CUANDO UN CRACK HACE CRACK

"Amor para mi compañero y amigo @rickyrubio. Que te recuperes rápido. Te echaremos de menos" (Kevin Love vía twitter)

Uno de los motivos más recurrentes en este blog, un tópico al que gustamos de aferrarnos en nuestros sufridos debates baloncestísticos, es el del “what if?”, ese escenario ucrónico sobre lo que pudo haber sido y no fue.

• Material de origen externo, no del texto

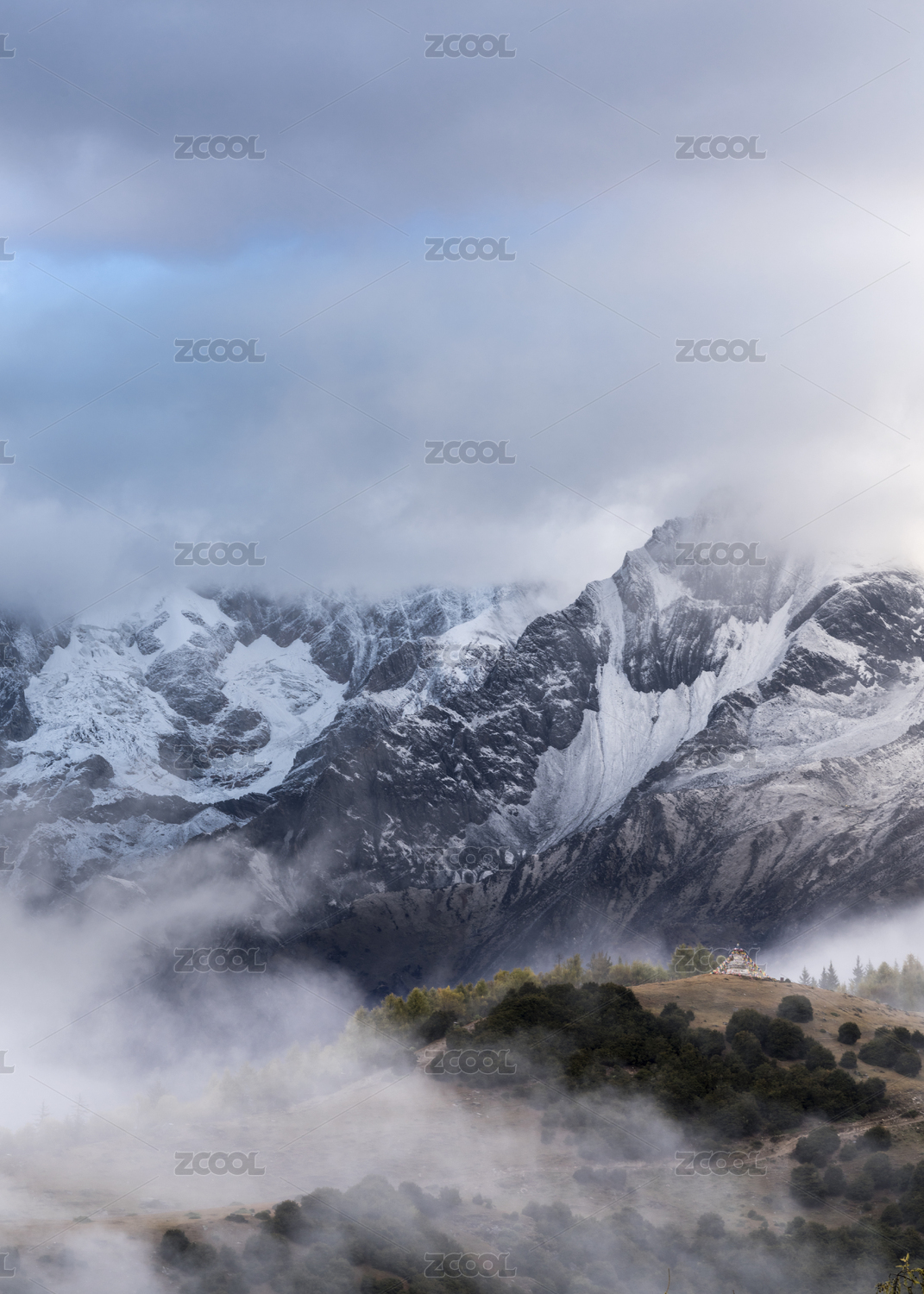 中国四川甘孜州川西提弄秘境贡嘎雪山风光

Algo habitual en el mundo del deporte, un escenario en el que el aficionado tiende a idear, e incluso idealizar, una visión de los acontecimientos en la que el máximo potencial haya podido ser desarrollado sin impedimento ni traba alguna.

La historia del deporte en general y del baloncesto en particular está jalonada de “what if?s”, equipos que podían haber sido dinásticos, entrenadores que hubieran entrado en la historia de haber recibido la confianza y medios necesarios, y por supuesto, jugadores que no llegaron a explotar lo mejor de su juego. Hay muchas razones para explicar porque carreras que parecían destinadas a establecerse como legendarias se quedaron simplemente en buenas, normales, regulares, o incluso en otros casos fueron un fracaso, o yendo más allá en algunos casos más puntuales ni siquiera llegó a haber carrera. La falta de profesionalidad, una cabeza mal amueblada, ser poseedor de una naturaleza adictiva, ausencia de disciplina y de sacrificio, malos hábitos, endeblez mental, falta de ambición… todos estos factores determinarán en mayor o menos medida la brillantez de una trayectoria deportiva, y luego están, por supuesto, las lesiones. 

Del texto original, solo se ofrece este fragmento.